Cities of Hope

Highlights of the International Olympic Committee's Evaluation Commission report on the five cities vying for the 2008 Summer Games:


The Chinese aim to spend $14.3 billion in development costs related to the Games. As in Sydney, much of the sports action would be concentrated in a single site--what the Beijing bid calls an "Olympic Green" to be developed north of the city center. Beach volleyball has been proposed for Tiananmen Square, site of the 1989 massacre, which the commission termed "inappropriate." Bid officials indicate a plan to move beach volleyball to another site is already in the works. Beijing faces "a number of environmental pressures and issues, primarily air pollution." Also, weather during the Games--which would run from July 23-Aug. 10, 2008--would probably be hot. The average temperature at 3 p.m. at that time of year is 85 degrees.

Quote: "It is the commission's belief that a Beijing Games would leave a unique legacy to China and to sport, and the commission is confident that Beijing could organize an excellent Games."


A plan to captivate the eyes: Beach volleyball at the Eiffel Tower. Certain equestrian events at the Esplanade des Invalides, along the River Seine. Fencing in a renovated Grand Palais, along the Champs Elysees. The Paris bid also proposes construction of an Olympic village in a neighborhood just south of the suburban Stade de France, site of the 1998 soccer World Cup--an area mostly occupied now by warehouses and old tires. The IOC requires about 40,000 hotel rooms for the Games; Parisian officials said they already have 140,000. An apparent conflict between French authorities and Olympic officials was "resolved" after agreement that Olympic doping rules, not French law, "would be the regulations which would apply" in 2008, according to the report. Apparently, however, the issue is not yet fully resolved to the satisfaction of the IOC, according to a number of Olympic officials.

Quote: "The high cost of hotels may be an issue."


The Toronto plan centers on a redevelopment scheme that would include 17 venues for 25 sports and the Olympic village along the city's waterfront. And all of it in a stretch only six kilometers, not even four miles, long. About 85% of the athletes would use the 17 venues. Boxing, canoeing, baseball, mountain biking and equestrian events, among others, would be elsewhere. In all, there would be 35 venues; 14 already exist, 12 require "some upgrading" and nine need to be built. The structure of the bid "contains a large element of private sector investment" and the commission confessed it is "uneasy" about the budget, nevertheless saying it is "achievable." Ontario's provincial government guaranteed to underwrite any operational shortfalls.
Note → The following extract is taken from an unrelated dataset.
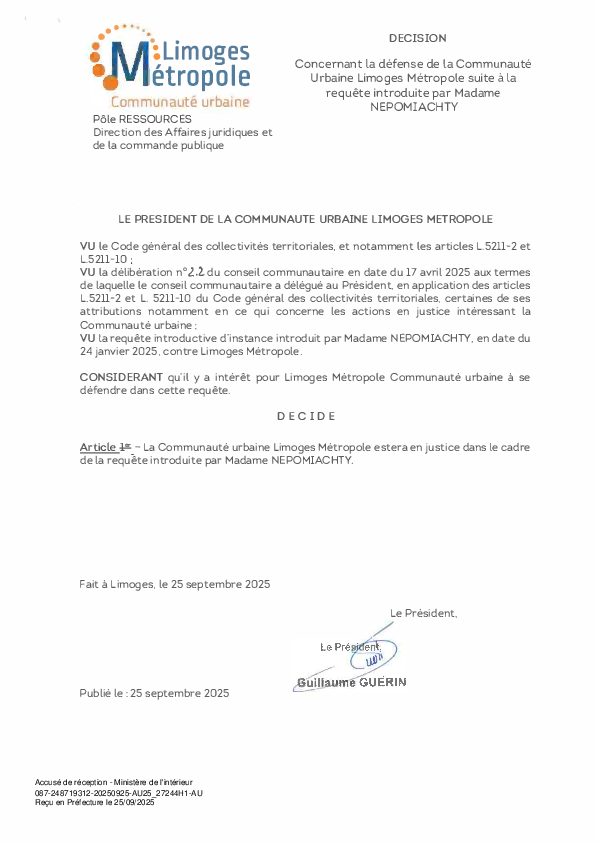 DécisionDécision concernant la défense de la Communauté Urbaine Limoges Métropole suite à la requête introduite par Madame NEPOMIACHTY1 documentPublié le 25 Septembre 2025 27244.pdf (.pdf, 93,1 Ko) Télécharger PrécédentRetour à la listeSuivant
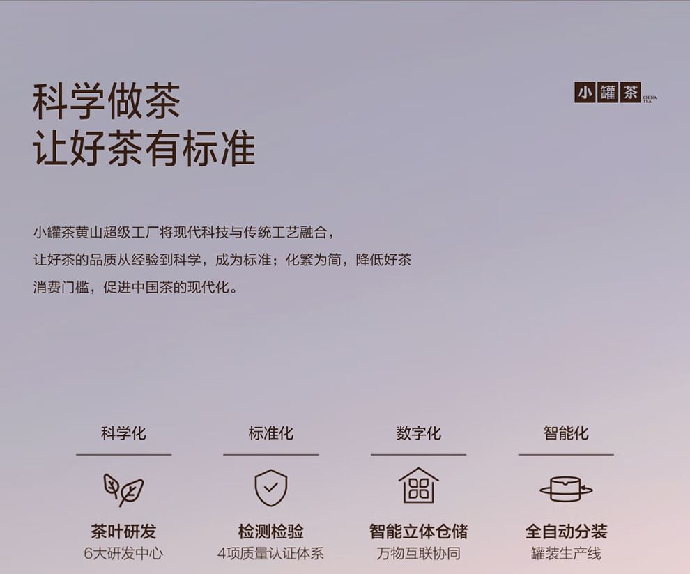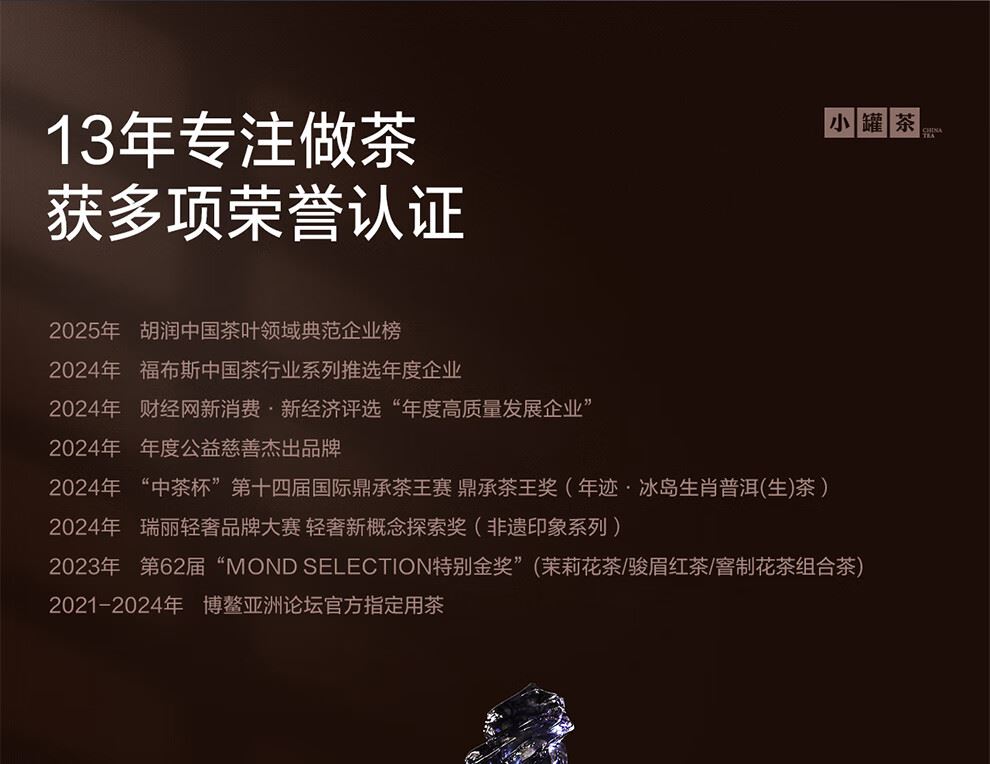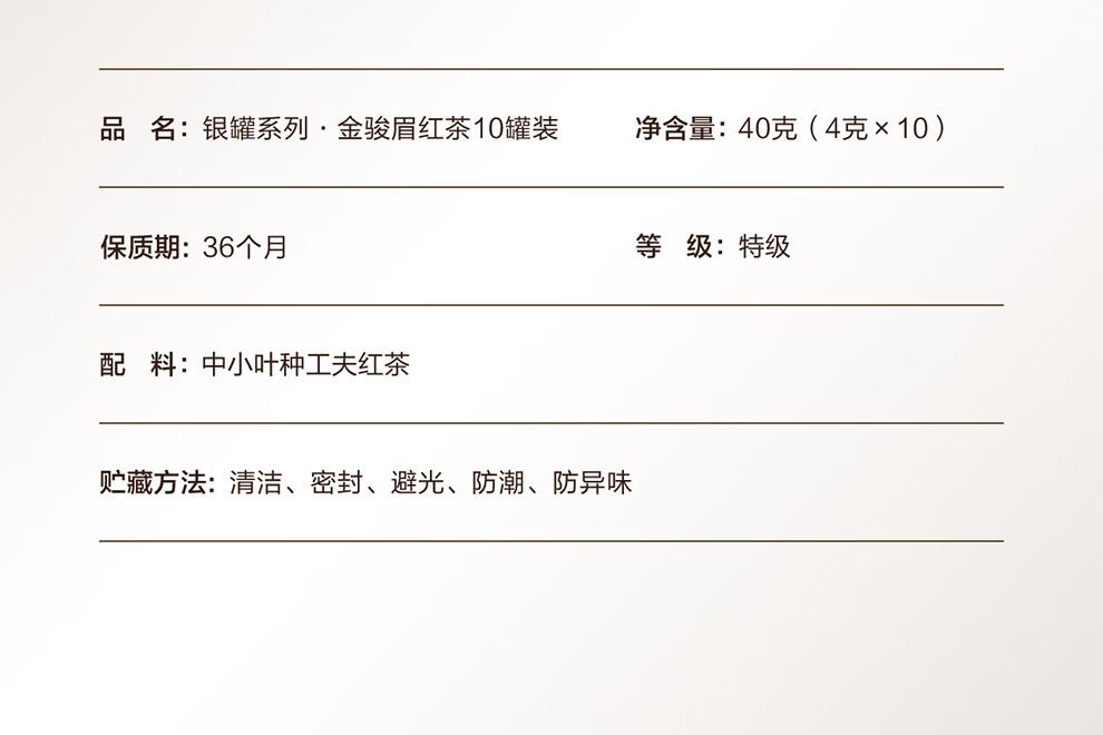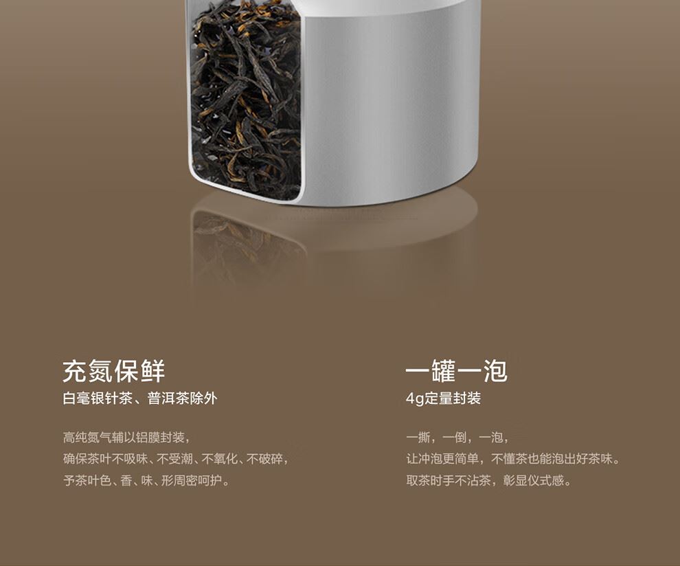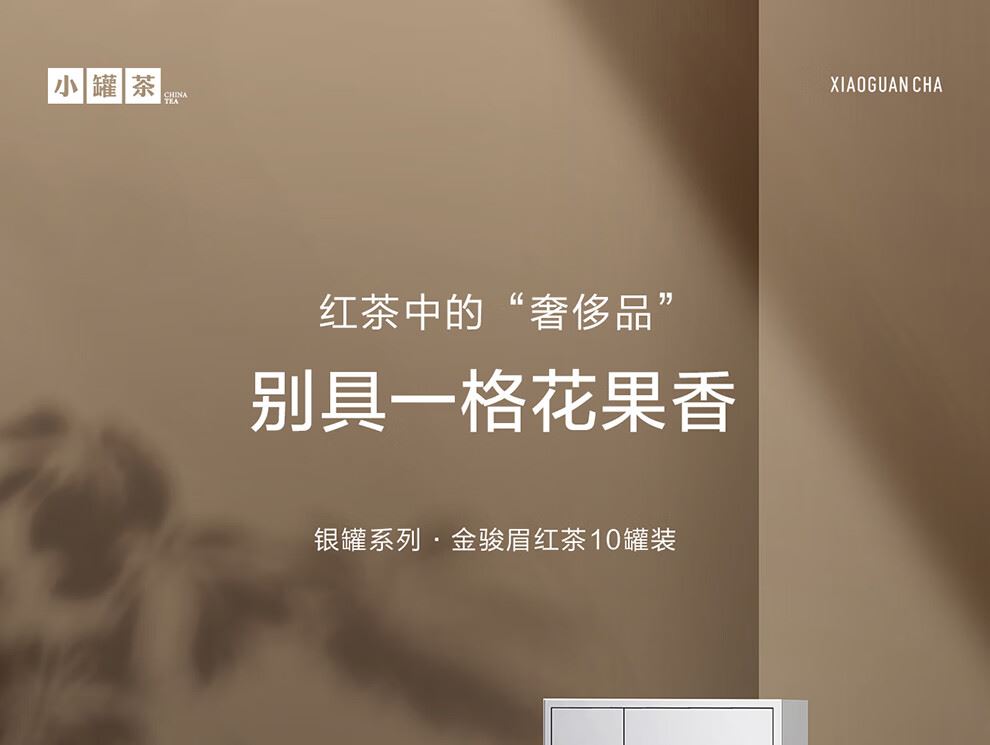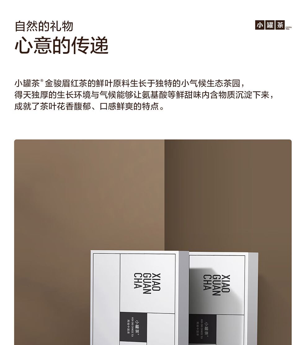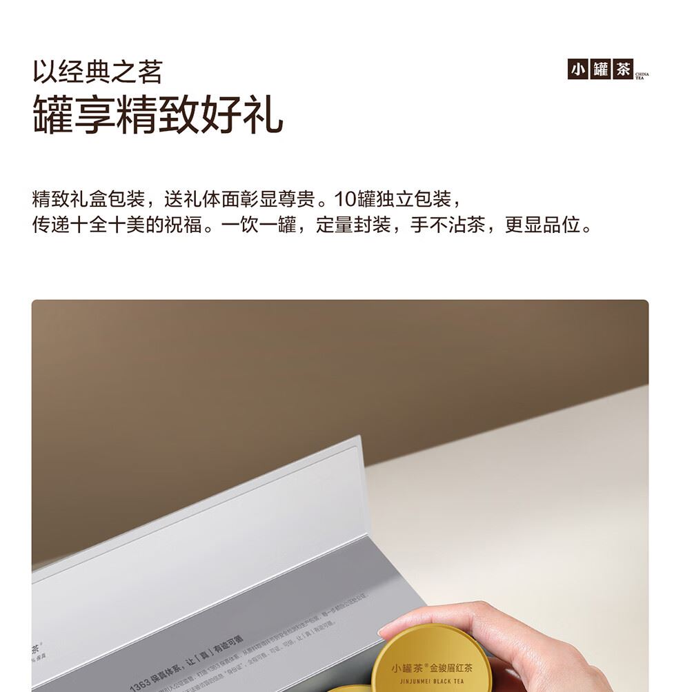 轻奢商务茶叶pinpai-小罐茶 小罐茶全国线下2000+实体门店 小罐茶 x 敢保真(产地保真、年份保真、安全保真) 档次商务送礼就送小罐茶 别具一格的花果香 科学拼配 | 新派金骏眉 | 花果香馥郁 银罐系列 · 金骏眉红茶10罐装 等级:特级 净含量:40克(4克*10罐)保质期:36个月 让舌尖懂茶是好茶的责任 小罐茶金骏眉红茶花果香馥郁,水中带甜、甜中带香,鲜醇甜爽。 以经典之茗 罐享精致好礼 精致礼盒包装,送礼体面彰显尊贵。10罐独立包装,传递十全十美的祝福。一饮一罐,定量封装,手不沾茶,更显品位。

Quote: "There is major involvement of athletes in all phases of the organization and strong sport experience."


This bid envisions "major development" of three man-made islands in Osaka Bay, which would feature 13 sports venues, including the Olympic stadium, and the Olympic village. Capital investment, the report said, totals $28 billion, a "very high level of financial commitment."

Quote: "A special cool pavement surface, causing evaporation, will be used on the marathon course, possibly over its entire distance."


A special Turkish law allows the government to provide up to a five-fold increase in funding if Istanbul is awarded the Games. But the structure of the law, the committee said, "makes it difficult" to truly fix costs, noting "uncertainty and lack of detail" in regard to various items, especially infrastructure financing.

Quote: "There appears to be a limited understanding of the complex planning, construction, personnel and operational requirements of an Olympic Games."